• _Problem to solve_
Everything in the entries below must be reproduced exactly, except the images.

• _Material for this task_

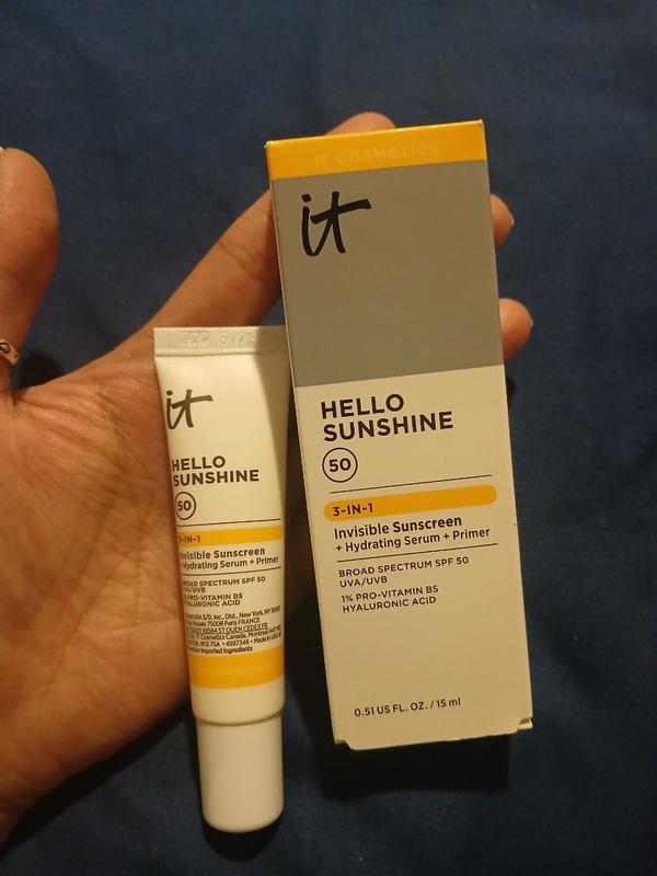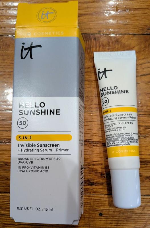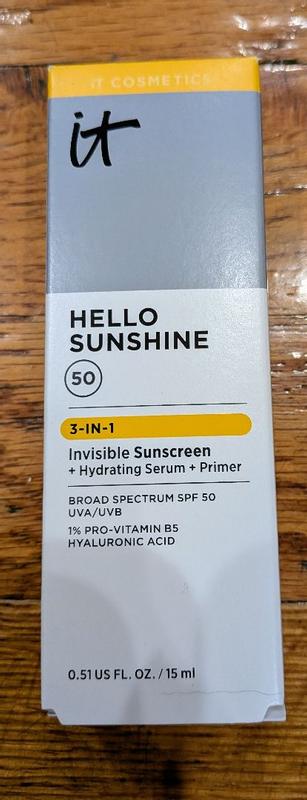 IT Cosmetics Hello Sunshine Invisible Face Sunscreen SPF 50, 1.6 oz This review is from IT Cosmetics Hello Sunshine Invisible Face Sunscreen SPF 50, 1.6 oz
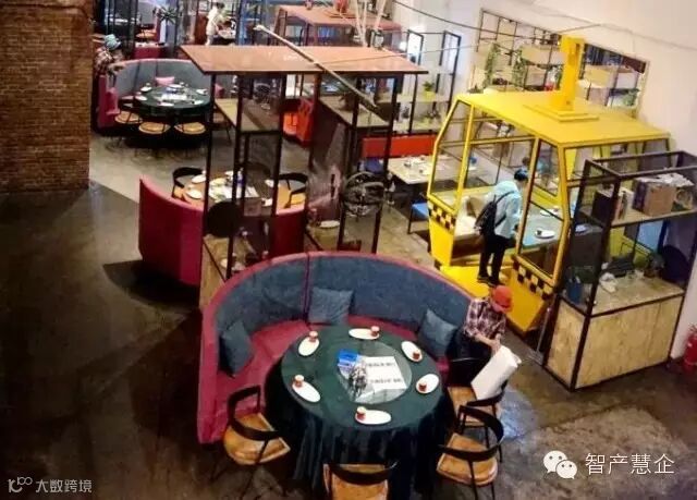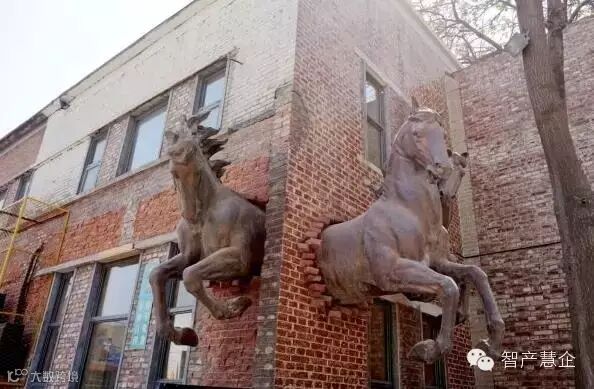乐活主题餐厅改造于上世界80年代的一个老工厂,餐厅的装潢设计非常有新意。刚到餐厅还未进门就看到三匹骏马穿墙而出。
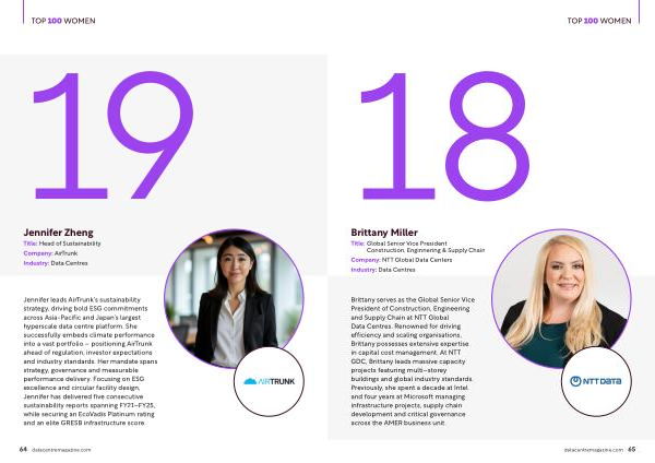 Brittany serves as the Global Senior Vice President of Construction, Engineering and Supply Chain at NTT Global Data Centres. Renowned for driving efficiency and scaling organisations, Brittany possesses extensive expertise in capital cost management. At NTT GDC, Brittany leads massive capacity projects featuring multi – storey buildings and global industry standards. Previously, she spent a decade at Intel and four years at Microsoft managing infrastructure projects, supply chain development and critical governance across the AMER business unit. datacentremagazine. com 65
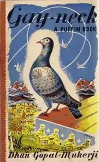 Gay-Neck, the Story of a Pigeon is a 1927 children's novel by Dhan Gopal Mukerji that won the Newbery Medal for excellence in American children's literature in 1928. It deals with the life of Gay-Neck, a prized Indian pigeon. Mukerji wrote that "the message implicit in the book is that man and winged animals are brothers."[1] He stated that much of the book is based on his boyhood experiences with a flock of forty pigeons and their leader, as the boy in the book is Mukerji himself.[2] He did have to draw from the experiences of others for some parts of the book, such as those who trained messenger pigeons in the war.[1] The book offers an insight into the life of a boy of high caste during the early 1900s and also into the training of pigeons.[3] Several chapters are told from Gay-Neck's perspective, with the pigeon speaking in first person. Elizabeth Seeger writes in a biographical note about Mukerji that, "Gay-Neck was written in Brittany, where every afternoon he read to the children gathered about him on the beach the chapter he had written in the morning."[2] In an article in the children's literature journal The Lion and the Unicorn, Meena G. Khorana calls the novel one of the few children's novels from Western or Indian authors to explore the Himalayas in a meaningful way (rather than simply using them as a setting), and notes the way Mukerji recalls their "grandeur and spiritual power".[4]
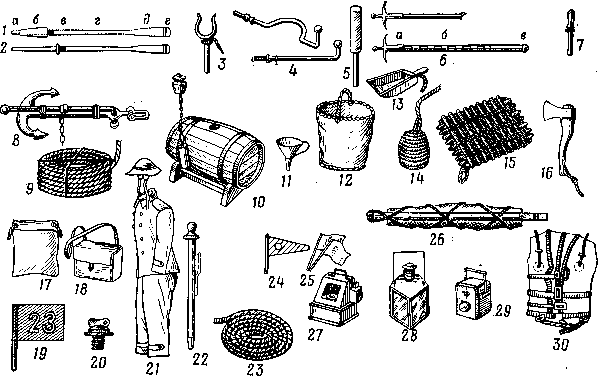 1 - весло вальковое (а - руль; б - валёк; в - кожа; г - веретено; д - лопасть; е - оковка);
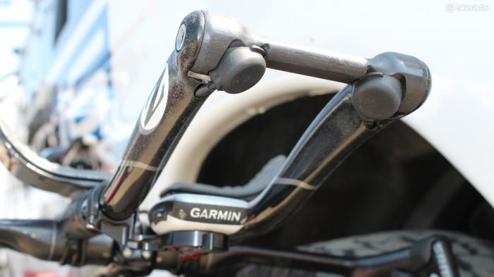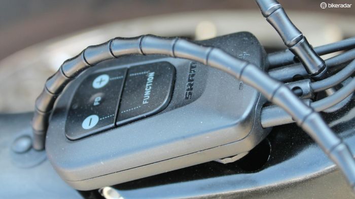From the photos released on Bike Radar it looks like the shift buttons on the extensions and base bars connect via wires (yes, I know) to a junction box, which then transmits the signals wirelessly to the front and rear derailleurs. The junction box also has it’s own buttons, but it’s still unclear what these are for (looks to me to be another shift point although I’m not sure why you’d want or need them there).
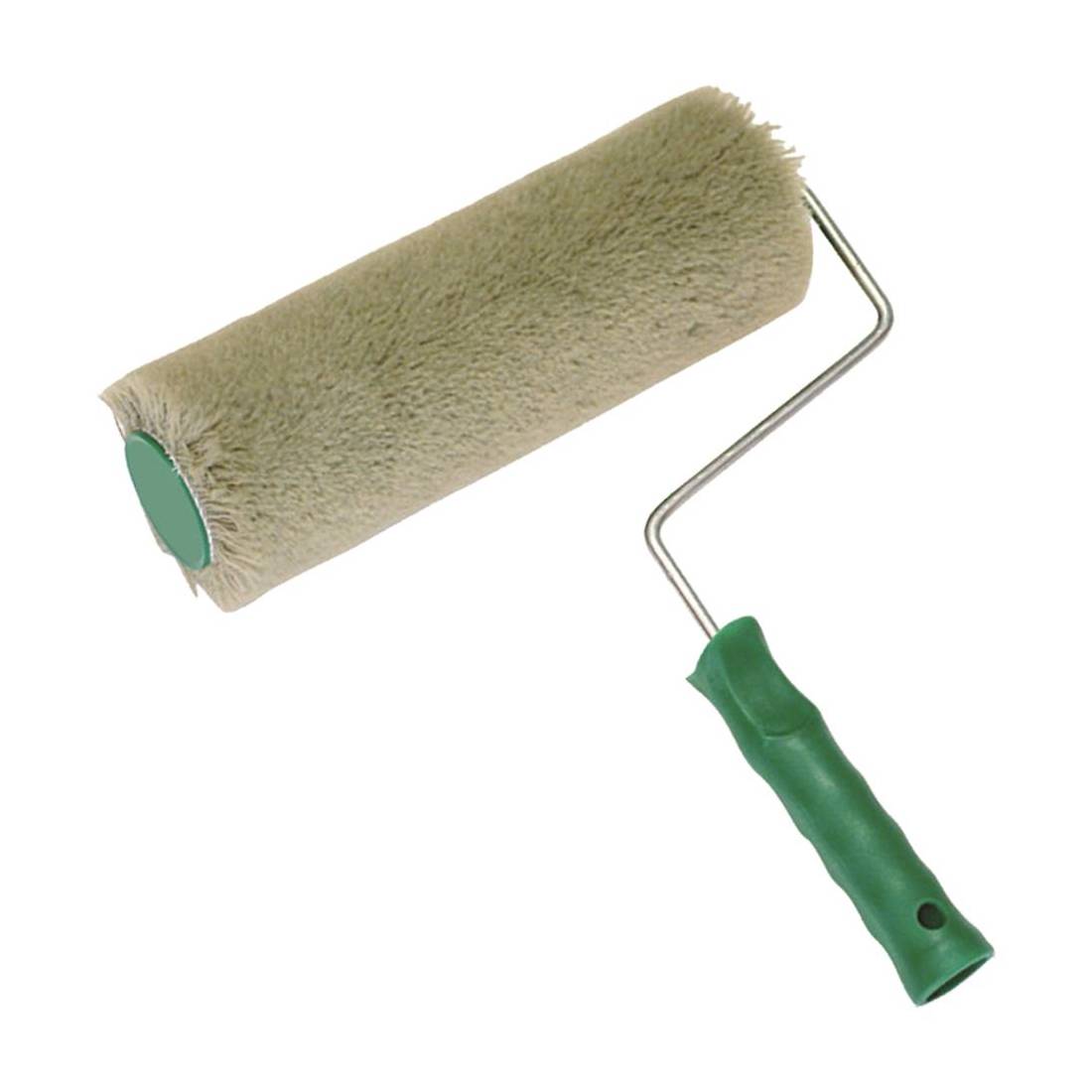 In tessuto poliamidico cordonato verde. Completo di manico anatomico antisolvente, corpo Ø 50 mm sfilabile, ferro Ø 7 mm. Ottima presa di colore e distensione su supporti murari. Indicato per superfici lisce e ruvide.
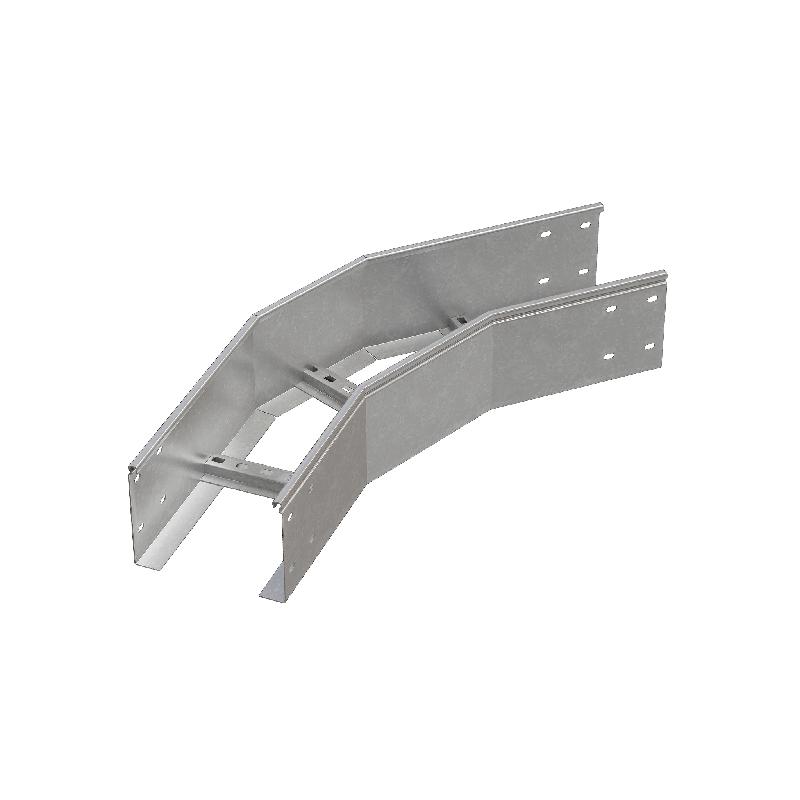 Горизонтальный лестничный угол 45 градусов позволяет выполнить поворот силовых и слаботочных линий в горизонтальной плоскости. Секция подходит для соединения c металлическим лестничным лотком шириной 700 мм и высотой борта 150 мм. Изделие выполнено из стали оцинкованной по методу Сендзимира. Предназначено для применения в местах предпочтительно с сухим климатом, внутри помещений и в слабоагрессивных средах, в соответствии с ГОСТ 15150-69. Соединение между секциями происходит с использованием подходящих крепежных элементов. Для дополнительной защиты элемента кабельной трассы от механических повреждений, попадания пыли и мусора, используйте крышку.

• _Exercise result_
 IT Cosmetics Hello Sunshine Invisible Face Sunscreen SPF 50, 1.6 oz This review is from IT Cosmetics Hello Sunshine Invisible Face Sunscreen SPF 50, 1.6 oz
乐活主题餐厅改造于上世界80年代的一个老工厂,餐厅的装潢设计非常有新意。刚到餐厅还未进门就看到三匹骏马穿墙而出。
 Brittany serves as the Global Senior Vice President of Construction, Engineering and Supply Chain at NTT Global Data Centres. Renowned for driving efficiency and scaling organisations, Brittany possesses extensive expertise in capital cost management. At NTT GDC, Brittany leads massive capacity projects featuring multi – storey buildings and global industry standards. Previously, she spent a decade at Intel and four years at Microsoft managing infrastructure projects, supply chain development and critical governance across the AMER business unit. datacentremagazine. com 65
 Gay-Neck, the Story of a Pigeon is a 1927 children's novel by Dhan Gopal Mukerji that won the Newbery Medal for excellence in American children's literature in 1928. It deals with the life of Gay-Neck, a prized Indian pigeon. Mukerji wrote that "the message implicit in the book is that man and winged animals are brothers."[1] He stated that much of the book is based on his boyhood experiences with a flock of forty pigeons and their leader, as the boy in the book is Mukerji himself.[2] He did have to draw from the experiences of others for some parts of the book, such as those who trained messenger pigeons in the war.[1] The book offers an insight into the life of a boy of high caste during the early 1900s and also into the training of pigeons.[3] Several chapters are told from Gay-Neck's perspective, with the pigeon speaking in first person. Elizabeth Seeger writes in a biographical note about Mukerji that, "Gay-Neck was written in Brittany, where every afternoon he read to the children gathered about him on the beach the chapter he had written in the morning."[2] In an article in the children's literature journal The Lion and the Unicorn, Meena G. Khorana calls the novel one of the few children's novels from Western or Indian authors to explore the Himalayas in a meaningful way (rather than simply using them as a setting), and notes the way Mukerji recalls their "grandeur and spiritual power".[4]
 1 - весло вальковое (а - руль; б - валёк; в - кожа; г - веретено; д - лопасть; е - оковка);
From the photos released on Bike Radar it looks like the shift buttons on the extensions and base bars connect via wires (yes, I know) to a junction box, which then transmits the signals wirelessly to the front and rear derailleurs. The junction box also has it’s own buttons, but it’s still unclear what these are for (looks to me to be another shift point although I’m not sure why you’d want or need them there).
 In tessuto poliamidico cordonato verde. Completo di manico anatomico antisolvente, corpo Ø 50 mm sfilabile, ferro Ø 7 mm. Ottima presa di colore e distensione su supporti murari. Indicato per superfici lisce e ruvide.
 Горизонтальный лестничный угол 45 градусов позволяет выполнить поворот силовых и слаботочных линий в горизонтальной плоскости. Секция подходит для соединения c металлическим лестничным лотком шириной 700 мм и высотой борта 150 мм. Изделие выполнено из стали оцинкованной по методу Сендзимира. Предназначено для применения в местах предпочтительно с сухим климатом, внутри помещений и в слабоагрессивных средах, в соответствии с ГОСТ 15150-69. Соединение между секциями происходит с использованием подходящих крепежных элементов. Для дополнительной защиты элемента кабельной трассы от механических повреждений, попадания пыли и мусора, используйте крышку.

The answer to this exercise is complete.